## Source material:
'''
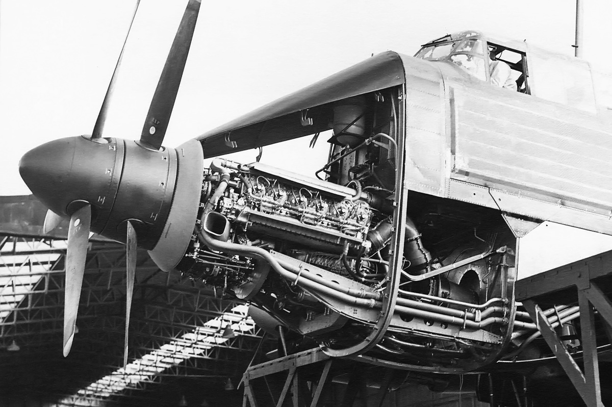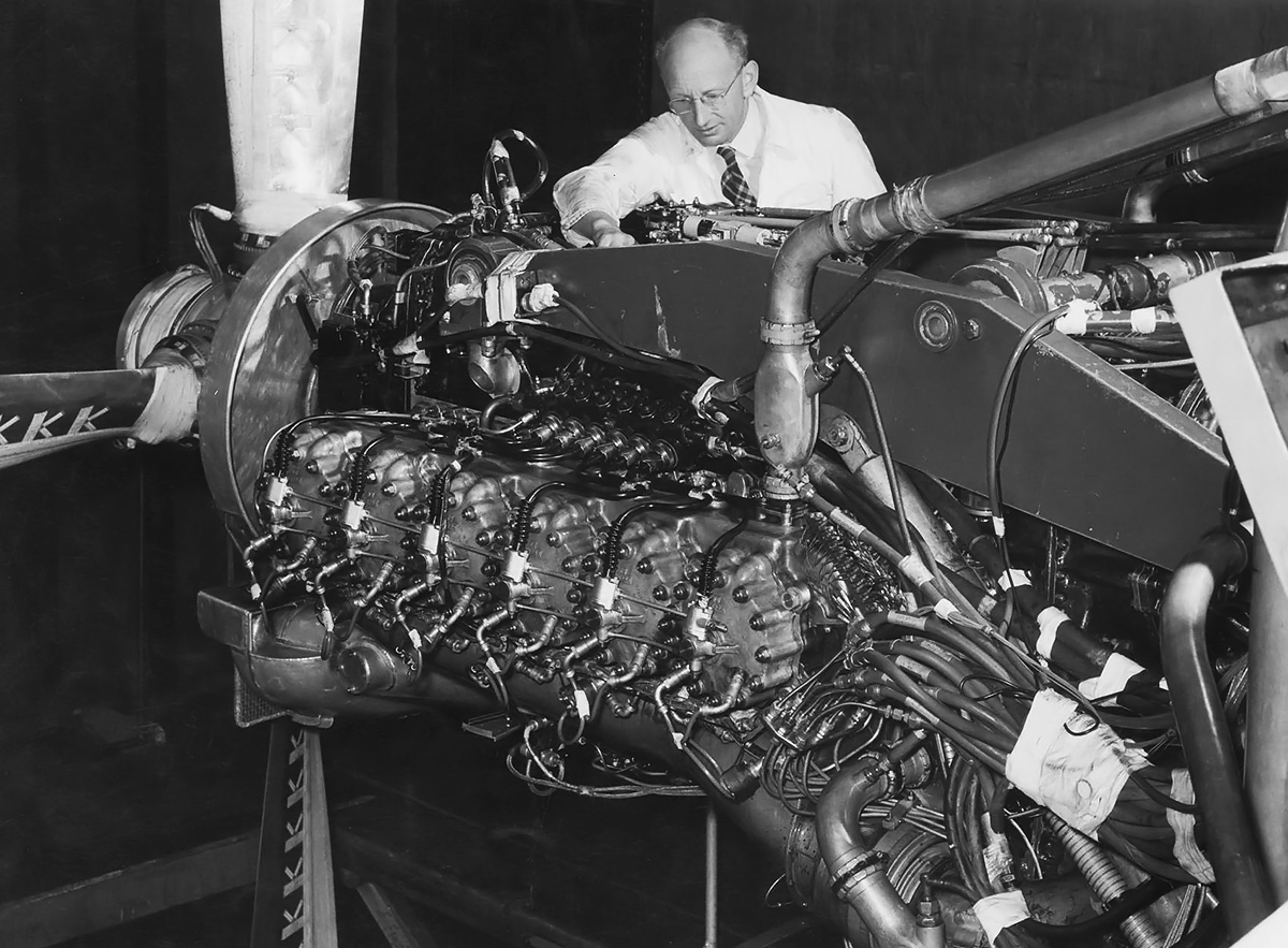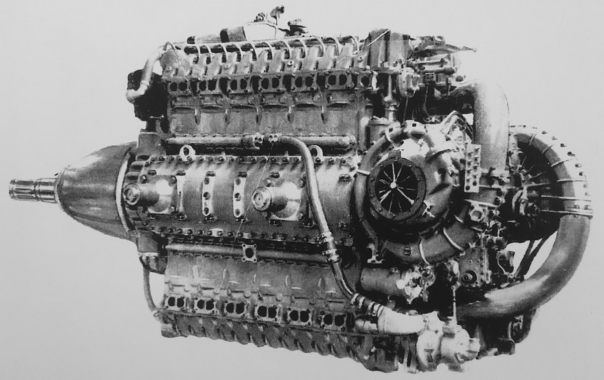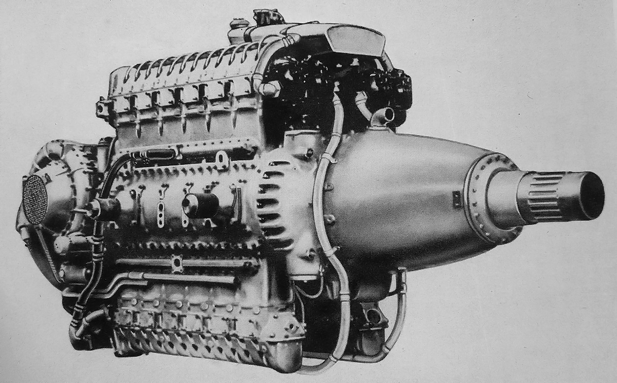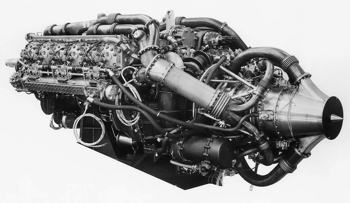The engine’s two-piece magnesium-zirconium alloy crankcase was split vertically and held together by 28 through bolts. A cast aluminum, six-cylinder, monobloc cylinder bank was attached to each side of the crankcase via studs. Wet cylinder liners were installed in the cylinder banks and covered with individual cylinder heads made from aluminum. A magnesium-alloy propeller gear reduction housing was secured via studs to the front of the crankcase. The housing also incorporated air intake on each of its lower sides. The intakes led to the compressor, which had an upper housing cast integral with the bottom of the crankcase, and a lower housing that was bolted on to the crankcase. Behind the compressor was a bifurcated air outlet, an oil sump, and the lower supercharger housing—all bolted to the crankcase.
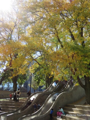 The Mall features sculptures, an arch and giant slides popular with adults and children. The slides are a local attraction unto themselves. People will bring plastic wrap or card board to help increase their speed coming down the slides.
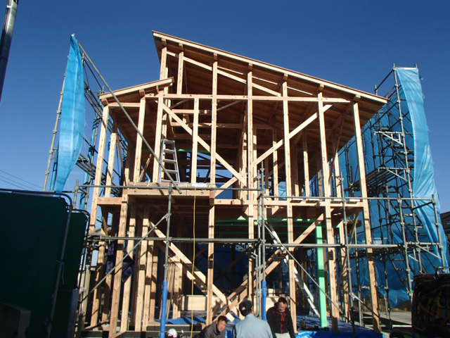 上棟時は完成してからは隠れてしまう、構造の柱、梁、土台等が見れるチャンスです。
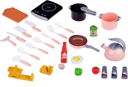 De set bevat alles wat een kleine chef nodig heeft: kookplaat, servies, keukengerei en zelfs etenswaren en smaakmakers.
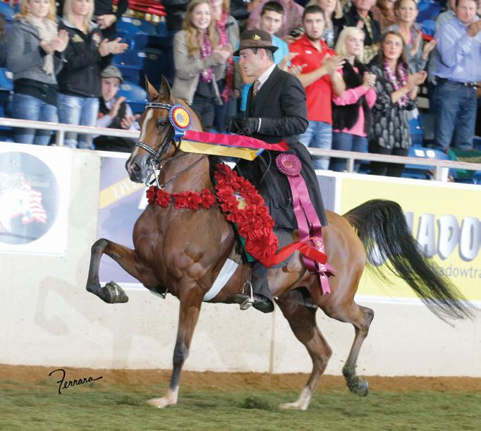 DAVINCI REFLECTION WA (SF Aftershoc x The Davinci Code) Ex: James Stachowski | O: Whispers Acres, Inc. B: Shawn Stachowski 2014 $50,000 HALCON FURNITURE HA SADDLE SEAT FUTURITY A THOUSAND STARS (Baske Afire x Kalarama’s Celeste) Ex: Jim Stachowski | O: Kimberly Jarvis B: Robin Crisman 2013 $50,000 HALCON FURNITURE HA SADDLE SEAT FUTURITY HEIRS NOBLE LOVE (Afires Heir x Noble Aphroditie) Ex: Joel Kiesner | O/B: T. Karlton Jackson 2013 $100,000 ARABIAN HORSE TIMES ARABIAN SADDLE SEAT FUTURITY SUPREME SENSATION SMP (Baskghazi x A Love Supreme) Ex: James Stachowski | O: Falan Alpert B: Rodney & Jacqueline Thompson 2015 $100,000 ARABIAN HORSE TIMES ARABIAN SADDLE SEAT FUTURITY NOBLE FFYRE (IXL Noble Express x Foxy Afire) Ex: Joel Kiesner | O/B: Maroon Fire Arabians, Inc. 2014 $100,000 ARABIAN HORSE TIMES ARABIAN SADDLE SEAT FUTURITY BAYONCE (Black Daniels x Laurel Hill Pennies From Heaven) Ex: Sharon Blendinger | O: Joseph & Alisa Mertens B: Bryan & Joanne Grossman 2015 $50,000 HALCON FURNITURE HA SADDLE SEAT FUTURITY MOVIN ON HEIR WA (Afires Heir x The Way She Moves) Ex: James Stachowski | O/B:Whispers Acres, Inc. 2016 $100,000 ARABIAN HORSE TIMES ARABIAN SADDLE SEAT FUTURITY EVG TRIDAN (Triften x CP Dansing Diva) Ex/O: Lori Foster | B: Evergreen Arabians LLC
'''
## What to produce:
From the material above, reproduce only what runs from the line holding "The Mall features" down to the line holding "上棟時は完成してからは隠れてしまう、構造の柱、梁、土台等が見れるチャンスです。", both included, pictures excluded.

## Response below:
 The Mall features sculptures, an arch and giant slides popular with adults and children. The slides are a local attraction unto themselves. People will bring plastic wrap or card board to help increase their speed coming down the slides.
 上棟時は完成してからは隠れてしまう、構造の柱、梁、土台等が見れるチャンスです。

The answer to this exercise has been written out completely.